The background music was Patsy Cline as I got a chance to talk with CEO Jeremy Thomas. He says he never considered himself a “motorhead,” but after he began selling new cars at 19, Thomas decided to open a classic car business. In 2006, he had just seven cars on a modest lot on Highway 22 south of Mankato. Now, explosive growth, barely slowed by COVID (many of their clients shop via the internet), has necessitated creating a logistics position just to oversee shipping to unique destinations such as Iceland.

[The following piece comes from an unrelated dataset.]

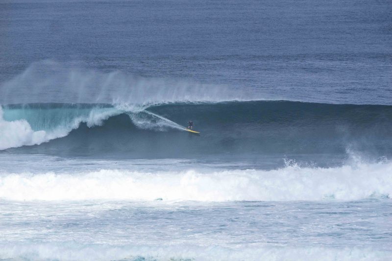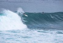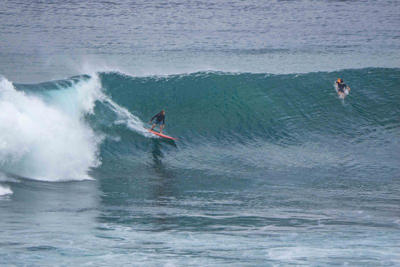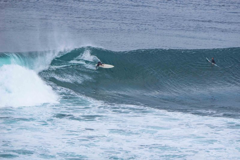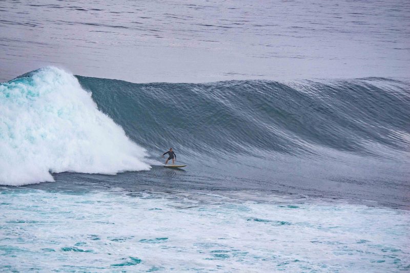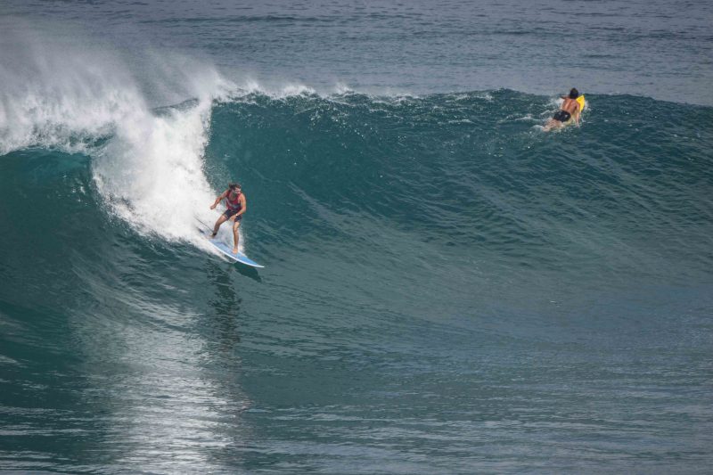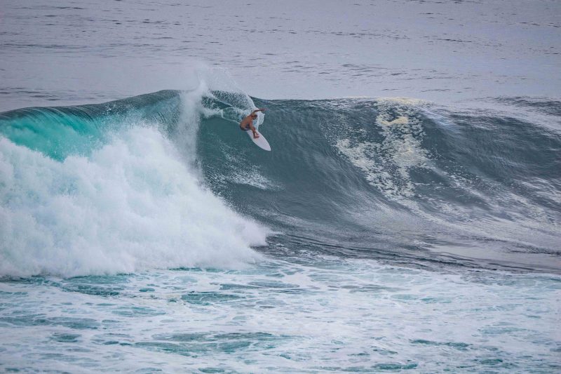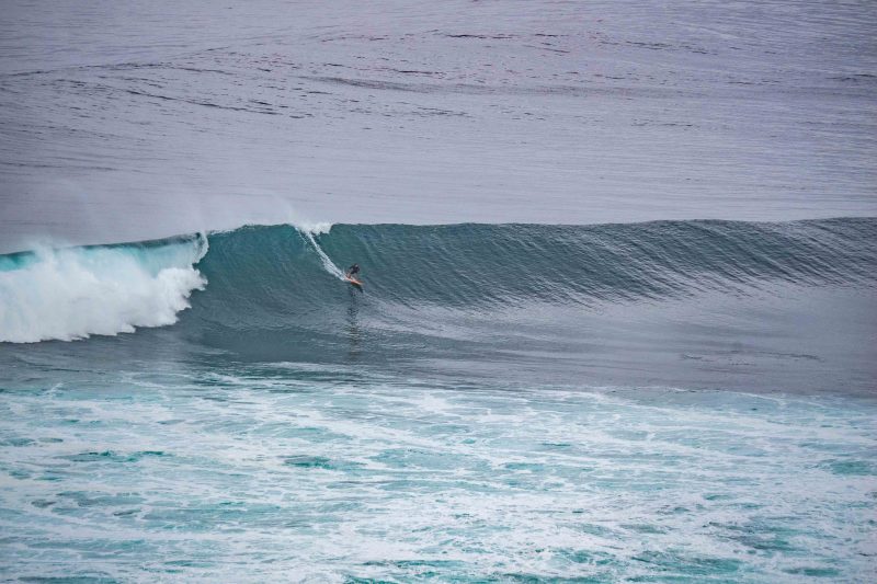 Some surfers tackled the Bombie, while others chose the long lines of Outside Corner. However, a few individuals truly distinguished themselves with remarkable top turns on massive waves, reminiscent of the legendary surfing icon, Andy Irons.
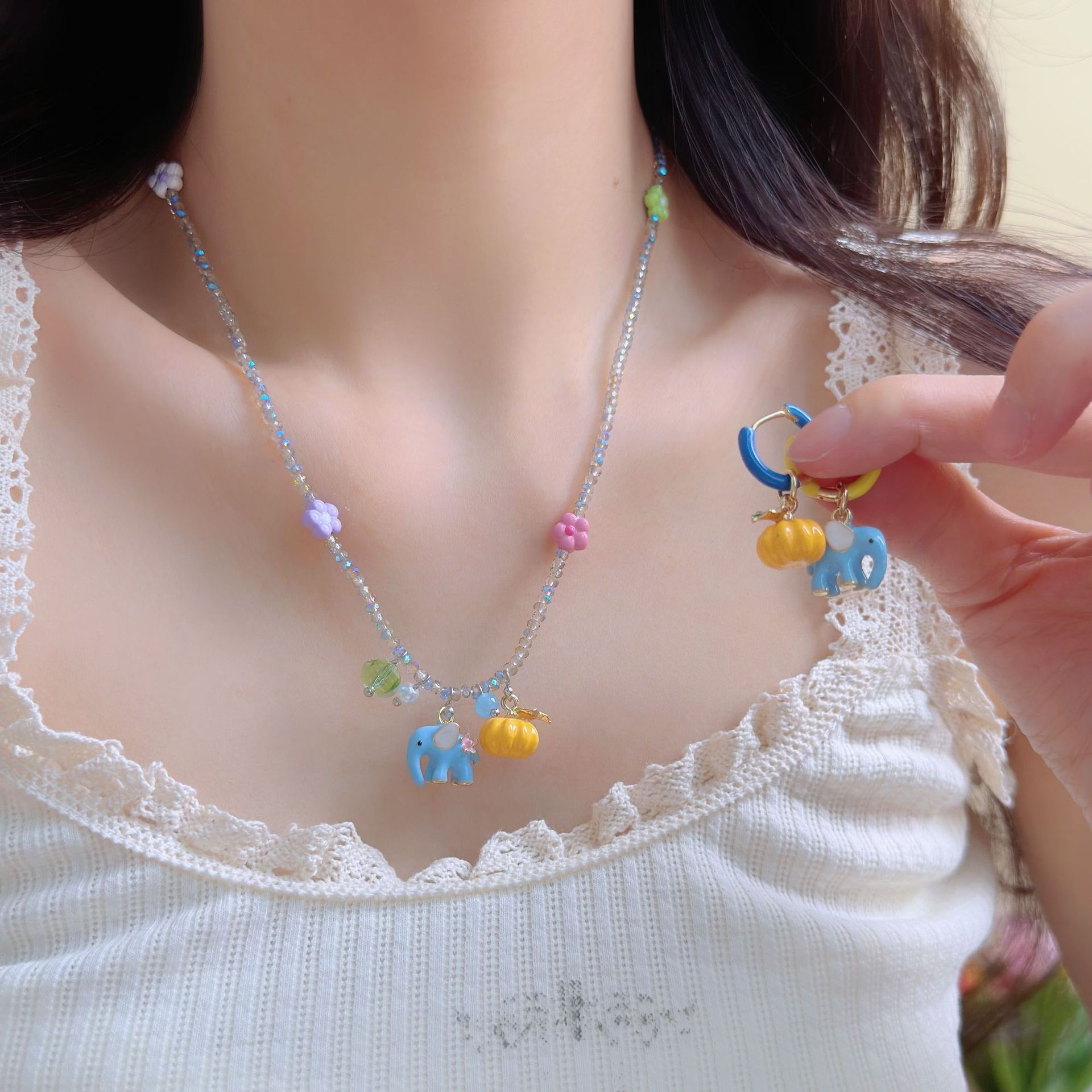 Colorful Drip Glaze Elephant Pumpkin Pendant Crystal Flower Beaded Necklace Earrings for Women Sweet Cute Ear Accessories Collarbone Chain

Among the most eye-popping vehicles inside: a 1963 Corvette, perfectly restored to “Bloomington Gold” certification. A consignment car, its price is also eye-popping: a cool quarter-million. Thomas says it will sell to the right buyer. Also check out Johnny Cash’s last Lincoln, a black custom 2001 Town Car that Jeremy, a huge Cash fan, bought for himself at auction in Arizona.

As summer draws to a close, there are only two more chances to take in the Unique roll-ins: Sept. 11 and 25. (By the way, if you’re passionate about cars, they are hiring for sales and restoration work.)